The Offense and mainly Einston lost the game this week. Last week the defense was pathetic start to finish and we couldn’t win with 34 points at home? So what’s the point here? Each week it’s a different issue that kills us? Lol.
“Mistakes continue to wear out defense” might have been a slightly more accurate headline. Sims turnover was his own fault. He should know better than to dangle that football out there when he’s already being brought down by multiple tacklers. Not really mentioned is that the Broncos defense was so good that there weren’t really any opportunities for Winston to make good throws. If all your receivers are covered, you have four options: throw into tight coverage (Talib’s picks), scramble (Winston’s TD), take the sack (he took 5), or throw the ball away. ASJ would’ve helped. When he’s covered, he’s not really covered (just like Evans), because of his height and athletic ability. All our other receivers are possession-type guys with no breakaway speed or Jerry-Rice-type route-running prowess. They were covered all day, just like vs Arizona.

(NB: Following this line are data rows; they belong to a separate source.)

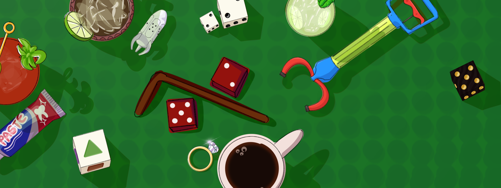 Purchase beverages for a short boost, items for a permanent effect, or swap out your dice for ones with special abilities.
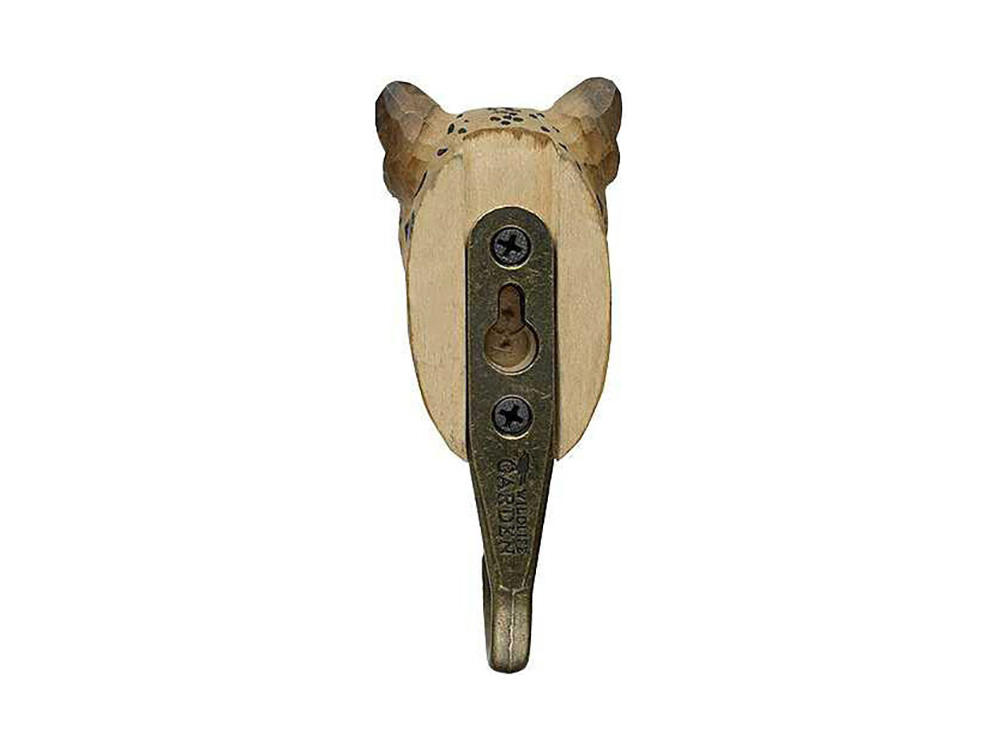 En bas de la tête se trouve un crochet en métal couleur bronze avec lequel on peut fixer des torchons de cuisine, des peignoirs, des bijoux, des clés, entre autres,.... .
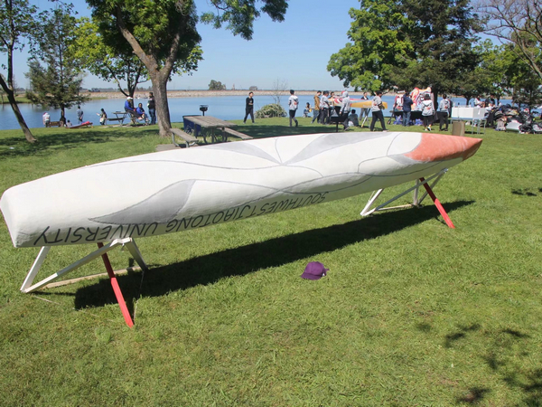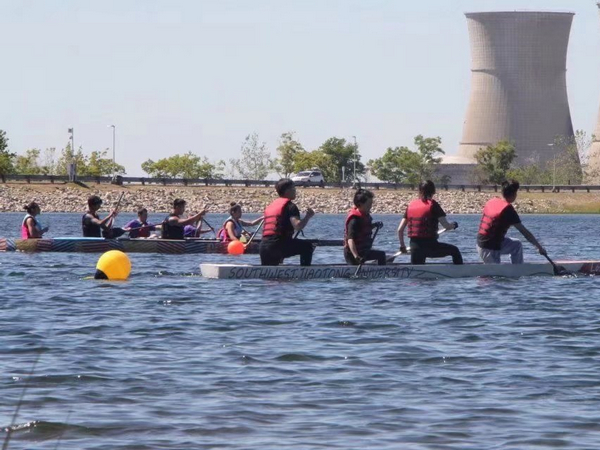 在此期间,轻舟队也在Oral Presentation(口语答辩)、Final Product(成品展示)、Design Paper(设计书)、Race(划船比赛)四方面力求上游。本届的交大轻舟外观由红、白、灰三种彩色混凝土组成,曲折的弧线勾勒出传统国画中荷的形象,取名“Lotus”。为达到最优稳定性和速度,船尾到船头采用u型到v型过渡,船头船尾位置增设浮仓。轻舟赛不仅仅是结构的较量,也是英语能力和身体素质的较量,设计书的撰写、答辩及评委提问环节无不考验着参赛者的英语水平,而划船竞赛更是富有体育性质的身体较量。最终,首次参赛的轻舟队获得比赛总分第六的好成绩,为下一届轻舟队指明了前进方向。

Defensively, the lack of McCoy, Ayers, and Jacquies Smith takes away the pass rush. Spence, Spence, McDonald, and Gholston don’t really have that in spades, although they occasionally break through. Howard Jones has the speed to sack if he’s unblocked, but has a hard time shaking loose from those offensive tackles. Talib was once our guy. We should have kept him, OBVIOUSLY. The Broncos QBs found big holes over the middle, particularly, which is the linebackers and safeties’ responsibility. Alexander, David, MacDougald, Conte, and Tandy covered poorly, were overloaded by too many receivers in their zones, or suffered from the lack of pass rush. Either way, those completions were way, way too easy to guys who were very wide open. Fatigue’s got a play a factor there, too. Too many 3-and-outs and turnovers for the offense. Way, way, too many.
You can’t overlook the fact that the Broncos just have way more talent and better strategies than the Bucs. It’s surprising that they were only favored by 3 points.